Prototyping building structures using LEGO isn’t unheard of. The brick-shaped nature of the pieces, though, tend to lend itself to less-than-realistic results. If you want to build a prototype that might translate better to real-world materials, maybe you’ll enjoy playing around with Crossbeams.
Created by Seven:Twelve Engineering, it’s a construction toy that lets you build skeletal structures by connecting various pieces of tubes. Whether you want to build a skeletal frame for a car, a mini-helicopter with a spinning rotor, or a wireframe scale model of the White House, this thing should do the trick.
Crossbeams consists, primarily, of stiff plastic tubes and connecting joints. You take a joint, pick two tubes, and slide them into the joint slots – done. Four straight tubes, 10 curved tubes, and 19 different joints (10 of which are for moving parts) are available in the system, allowing you to build, literally, any shape of frame.

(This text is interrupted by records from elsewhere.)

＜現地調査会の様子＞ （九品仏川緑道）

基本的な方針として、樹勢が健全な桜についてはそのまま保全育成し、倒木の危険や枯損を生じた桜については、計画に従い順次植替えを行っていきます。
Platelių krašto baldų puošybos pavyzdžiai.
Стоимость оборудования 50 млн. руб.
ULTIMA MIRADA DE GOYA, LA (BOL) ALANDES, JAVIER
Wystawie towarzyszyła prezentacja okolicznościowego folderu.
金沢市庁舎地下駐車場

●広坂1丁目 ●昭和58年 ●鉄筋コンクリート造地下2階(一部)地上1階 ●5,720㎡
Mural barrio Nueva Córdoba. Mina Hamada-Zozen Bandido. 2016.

For more complex moving builds, there are also gears, couplers, and wheels, bringing the total to 40 distinct pieces, from which you can fashion whatever object you want.

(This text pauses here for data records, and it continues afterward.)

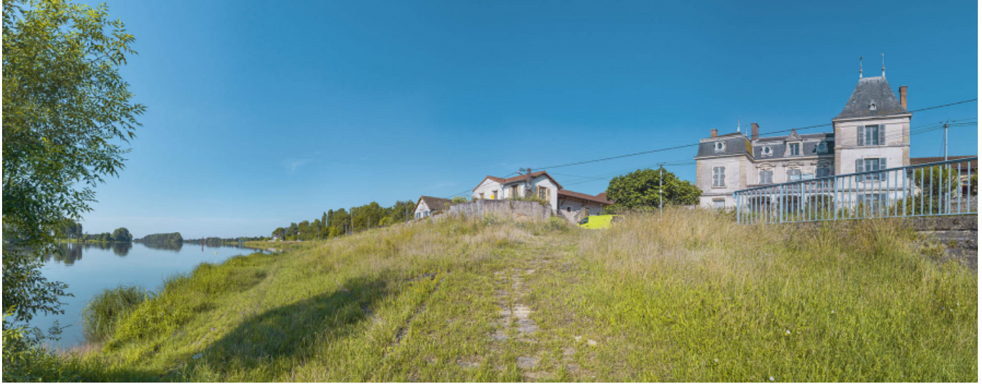
Les gradins du port de Fleurville recouverts par la végétation, rive droite.

71, Montbellet route départementale 933A, lieudit : PK 97,45
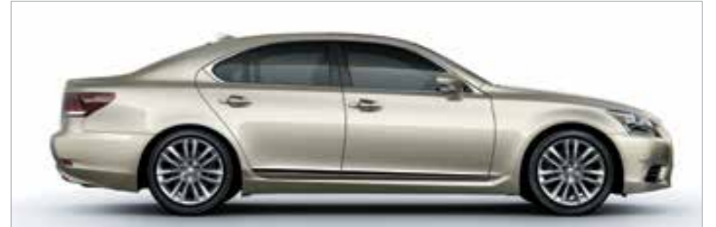
Sleek Ecru Metallic <4U7>*2
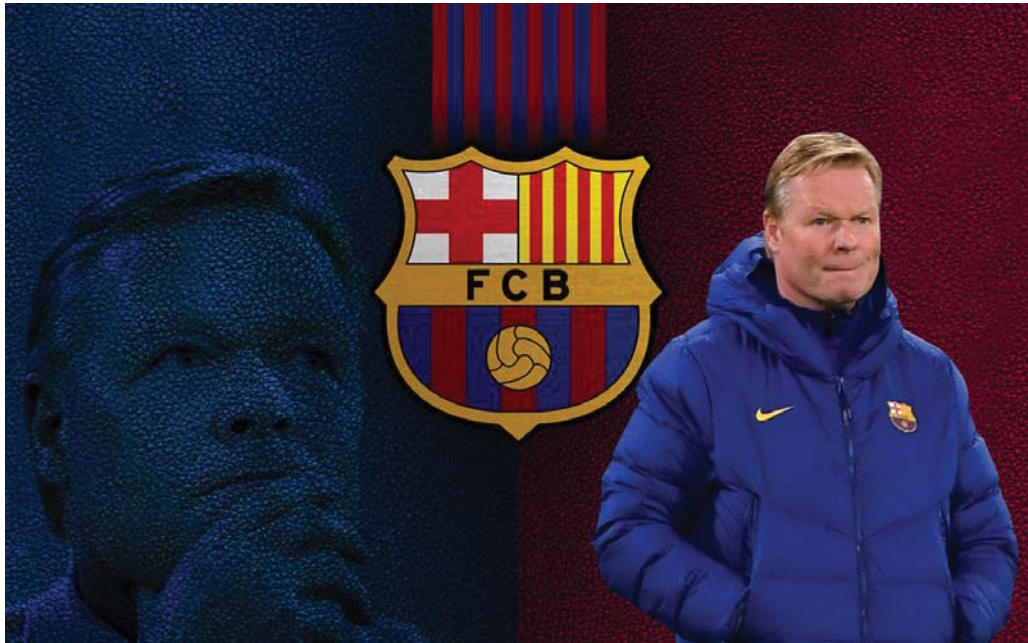
مهمة صعبة لكن ليست مستحيلة

استفاقة ميسي طوق نجاة البارسا في السوبر الإسباني

Unlike most construction toys that tend to separate when they take pressure, it uses a unique, patent-pending joint that they describe as “exceedingly strong,” as it requires a multi-step process in order to separate, ensuring your newly-constructed robot won’t crumble to pieces when you accidentally knock it off a table. And because of this strength, it can be used for putting together functional stuff around the house, such as light-duty stands, magazine racks, and more (it can handle force up to 20 pounds).
You can buy Crossbeams as both individual pieces and as part of a building set. For reference, a simple 140-piece sports car set is priced at $29.85.